Previously, the psychomotor exam included stations such as dynamic and static cardiology and even a station that evaluated your ability to run a mock 911 call from start to finish. Clinical judgment scenarios are designed to assess the same sorts of skills, knowledge, and decision-making as the former in-person scenarios did by asking you a series of questions based on a single scenario. In a clinical judgment scenario question series, you’ll start with some basic dispatch and background information (for example you are called for an 80-year-old male with respiratory distress, your response time will be 5 minutes, and the address is 10 minutes from your local hospital). You’ll be asked an equation based on that limited dispatch information, and you’ll need to draw from the clues within the information to answer the question (for example, you might be asked to consider whether you need more resources or assign roles to your crew). After you’ve answered all the questions about pre-arrival considerations, you’ll receive more information, such as several findings, when you arrive on the scene. Again, you’ll answer questions based on the information you have so far. You might be asked to prioritize initial interventions (airway management, providing oxygen, etc) or to select appropriate monitoring to perform (SpO2, cardiac monitor, lung sounds, etc). Regardless of how you answer each question, you will eventually receive even more information about the scenario. This pattern will continue until you reach the post-scene questions, which may ask you to respond to changes in the patient’s condition during transport, prioritize secondary and tertiary treatments, or to otherwise reflect upon the scenario in some way. Each question is scored individually, and the scenario will progress whether you answered the last question correctly or not, so make sure to pay close attention each time you receive new information. Each scenario has three parts: en route, scene, and post-scene—but there can be several questions to answer in each part.
Clinical judgment questions will make up about one-third of the test questions you see during your test (31-35% for AEMT candidates and 34-38% for Paramedic candidates).
Why did the National Registry move to this model for testing?

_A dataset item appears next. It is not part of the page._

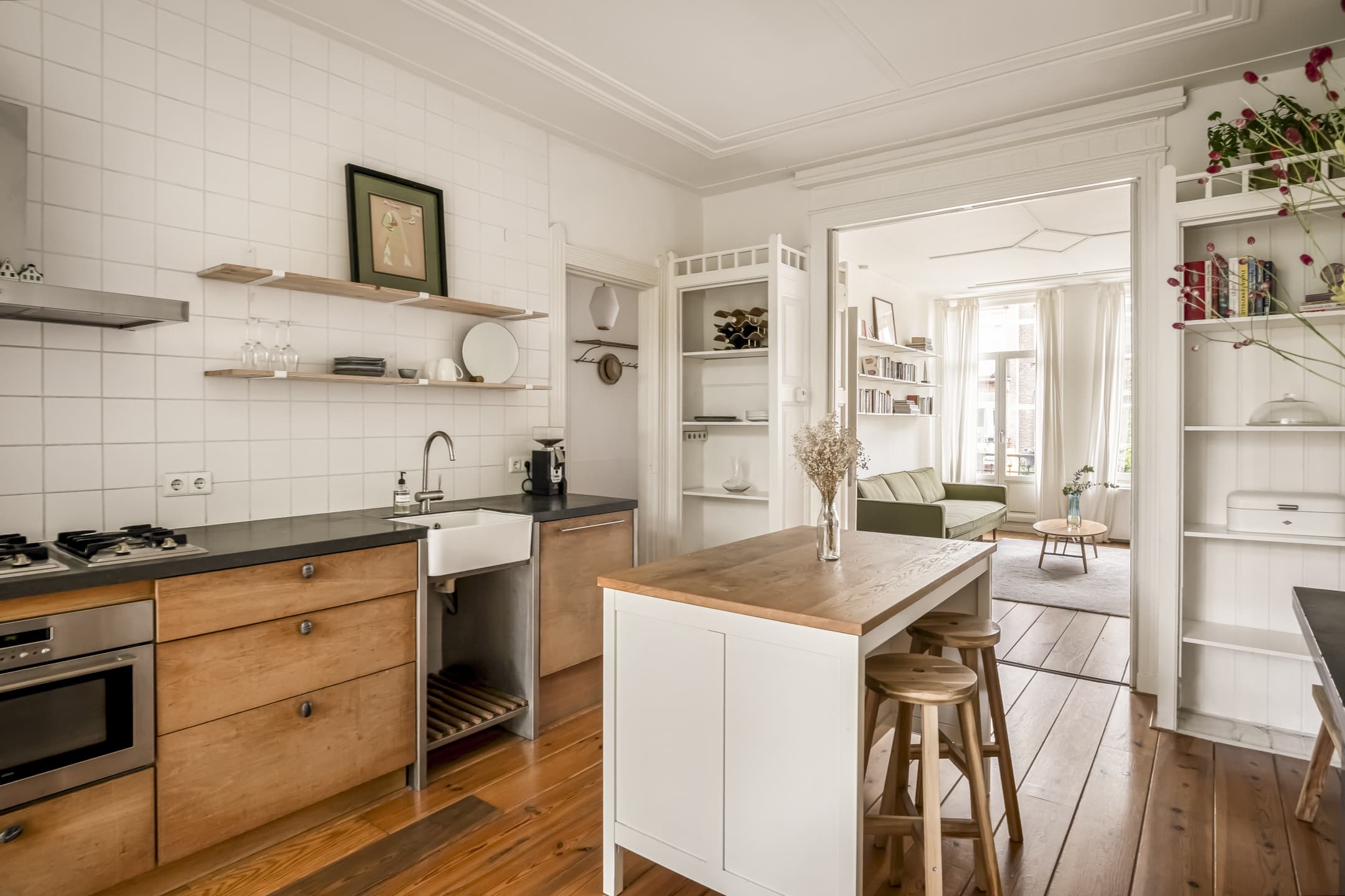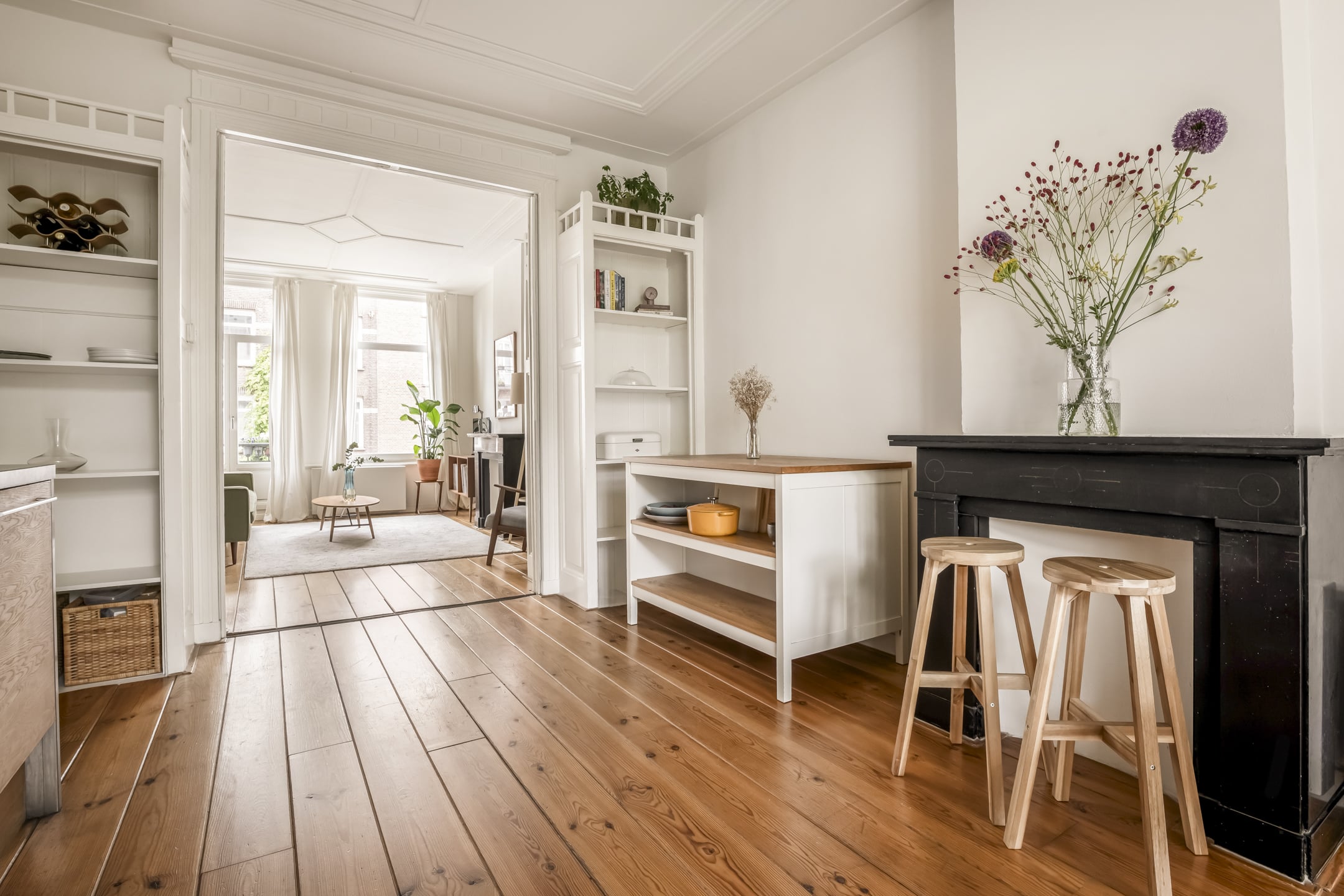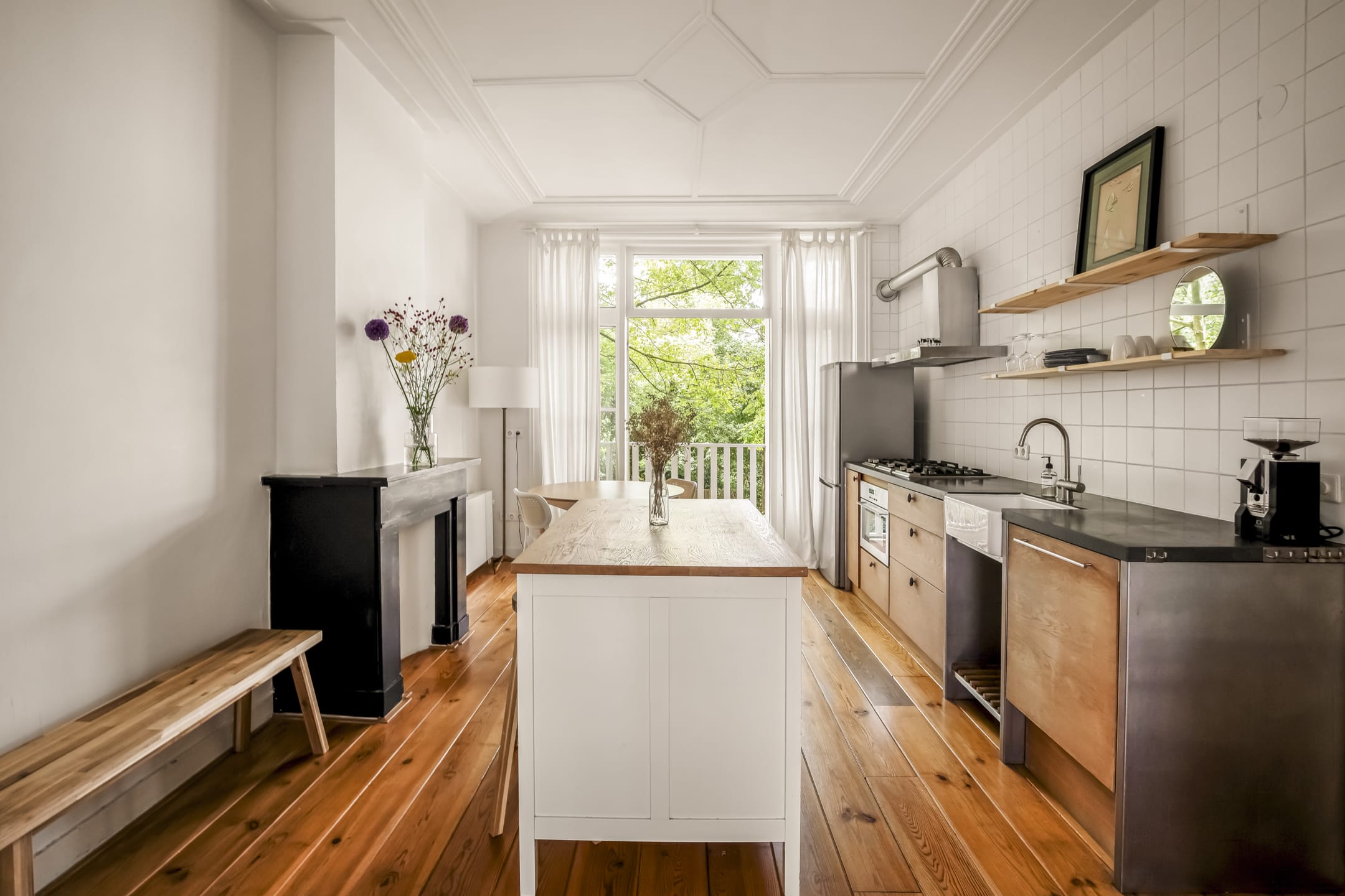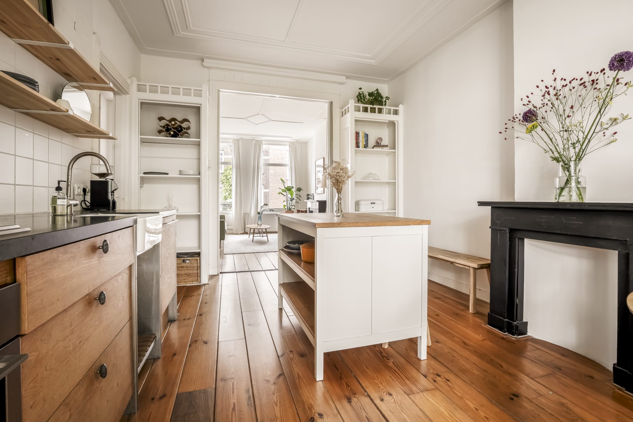 Via de gemeenschappelijke hal met brede trap, bereik je de woning op de eerste verdieping. De entree is ruim en zoals eerder vermeld, vormt dit gedeelte de centrale verbinding met alle vertrekken. Door het gebruik van de originele schuifdeuren is het woongedeelte verdeeld in een ruime woonkeuken en woonkamer. De knusse woonkeuken met de eerste schouw en openslaande deuren naar het balkon biedt voldoende ruimte voor een grote eettafel. De keuken zelf is voorzien van een massief composiet aanrechtblad, een vijfpits gasfornuis en diverse inbouwapparatuur. Het balkon strekt zich uit over de gehele breedte van de woning en heeft vrij uitzicht over de binnentuinen. De comfortabele en lichte woonkamer met wederom een originele schouw heeft een charmant Frans balkon met uitzicht op de straat. Zowel de woonkeuken als de woonkamer hebben een eigen toegangsdeur vanuit de centrale hal. Bovendien ligt er door de gehele woning een houten vloer en is zowel de voor als achterzijde volledig voorzien van dubbelglas.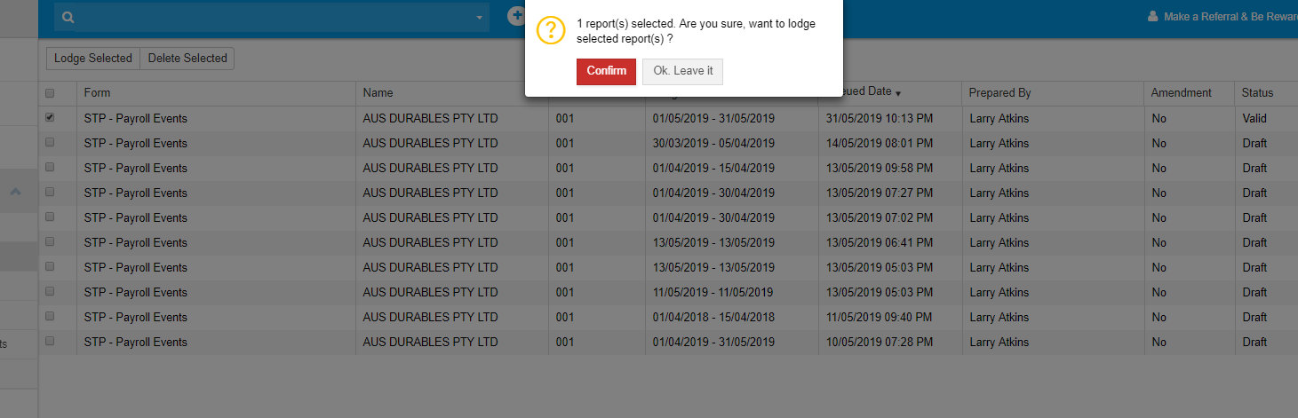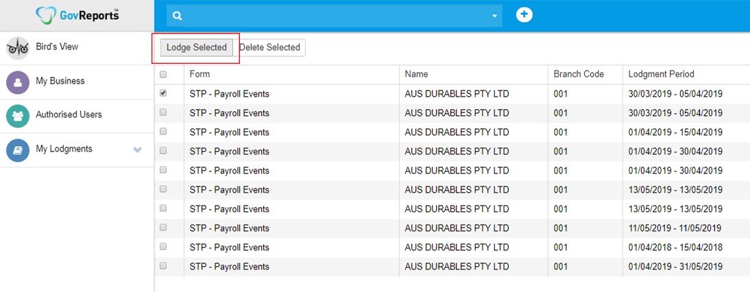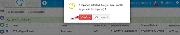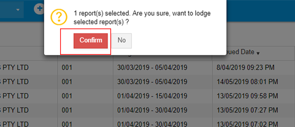 Valid status reports can be lodged directly. Go to My Lodgments > Saved Reports. Tick the required valid status report, then select Lodge Selected and Confirm.

This model of testing more closely aligns advanced prehospital providers with models of testing for nurses and other healthcare professionals. By moving to this model, AEMTs and Paramedics gain some legitimacy and will also have a simpler testing process—rather than scheduling and paying for two separate tests or potentially traveling out of state to find a psychomotor test. Candidates will simply need to schedule and pass one test at a Pearson Vue center to earn certification.
What happened to the psychomotor (hands-on) test?
The psychomotor test for AEMTs and Paramedics was discontinued after June 30, 2024. This means that no more psychomotor tests will be offered anywhere, period. If you haven’t passed both the psychomotor and the cognitive (written) test yet, you’ll now be required to pass the new written NREMT certification exam. If you have already passed your written test but not the psychomotor test, you’ll now need to pass the new written exam.